Effective risk and opportunity management is fundamental to Mercuria’s performance and resilience. Unmanaged risks can lead to financial loss, operational disruption and reputational damage, while missed opportunities may limit growth and competitiveness. By actively managing both, we aim to strengthen our business and deliver long-term value for our stakeholders.
Our key risk areas include:
- Climate change risk: including both physical risks, such as changing weather patterns and sea levels, and transition risks linked to evolving regulation, market dynamics and consumer behaviour
- Compliance risk: including risks arising from non-compliance with laws, regulations and internal policies, requiring strong governance and control frameworks
- Supply chain risk: including human rights, sanctions and geopolitical risks inherent in global trading activities
- Credit risk: relating to the potential for counterparties to default on contractual obligations
- Environmental, Social and Governance (ESG) risk – relating to the impact of our activities across environmental, social and governance dimensions
- Market risk: including exposure to fluctuations in commodity prices, interest rates and foreign exchange
- Operational risk: relating to the effectiveness and resilience of internal processes, systems and controls
- Reputational risk: linked to stakeholder perception and the need to maintain trust through ethical conduct and transparency
Mercuria’s risk management function operates with independent oversight, working closely with management, trading desks, investment teams and technology functions across all locations.
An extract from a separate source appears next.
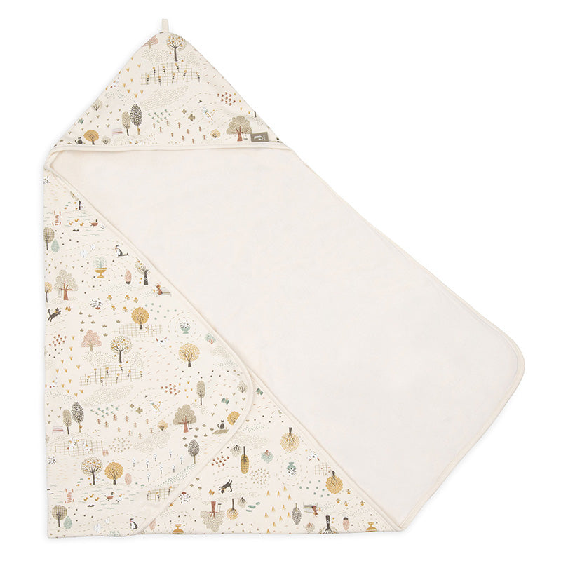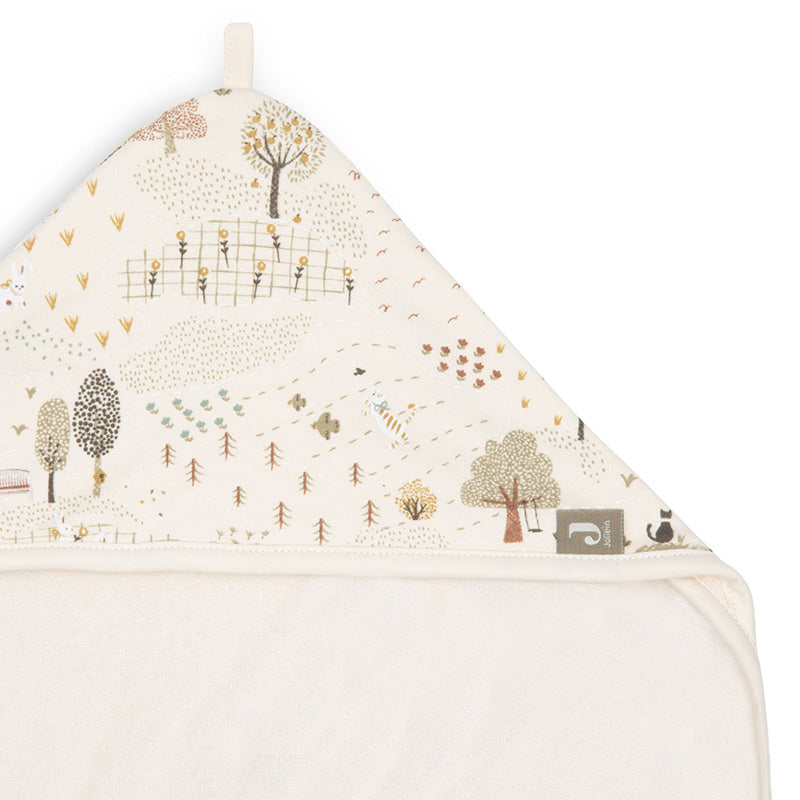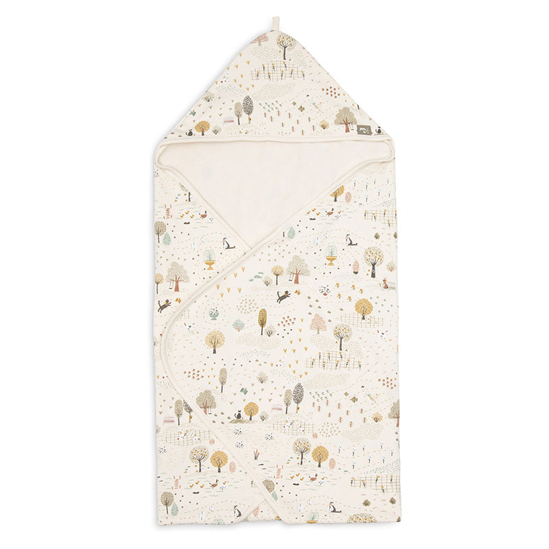 De badcape Tiny Parc van Jollein is een must-have na het badderen. De buitenkant is gemaakt van zachte jersey stof met een speelse all-over print uit de Tiny Parc collectie, terwijl de binnenkant is gevoerd met zachte oatmealkleurige terry badstof. Zo blijft je kleintje heerlijk warm en comfortabel.

Embedding risk management within each business unit strengthens processes and supports effective collaboration across the organisation.
Specialised risk teams are responsible for identifying, assessing and managing risks and opportunities, as well as developing and implementing relevant strategies, policies and procedures. These teams also monitor risk exposures and ensure appropriate reporting to senior management.
Our approach to risk and opportunity management is proactive and integrated, forming a core part of how we operate. As our business evolves—expanding across energy, LNG, metals and critical minerals—we continuously adapt our risk frameworks to reflect changing market conditions and emerging challenges.
Through this approach, Mercuria aims to build resilience, capture opportunities and support more secure, affordable and sustainable energy and commodities systems over the long term.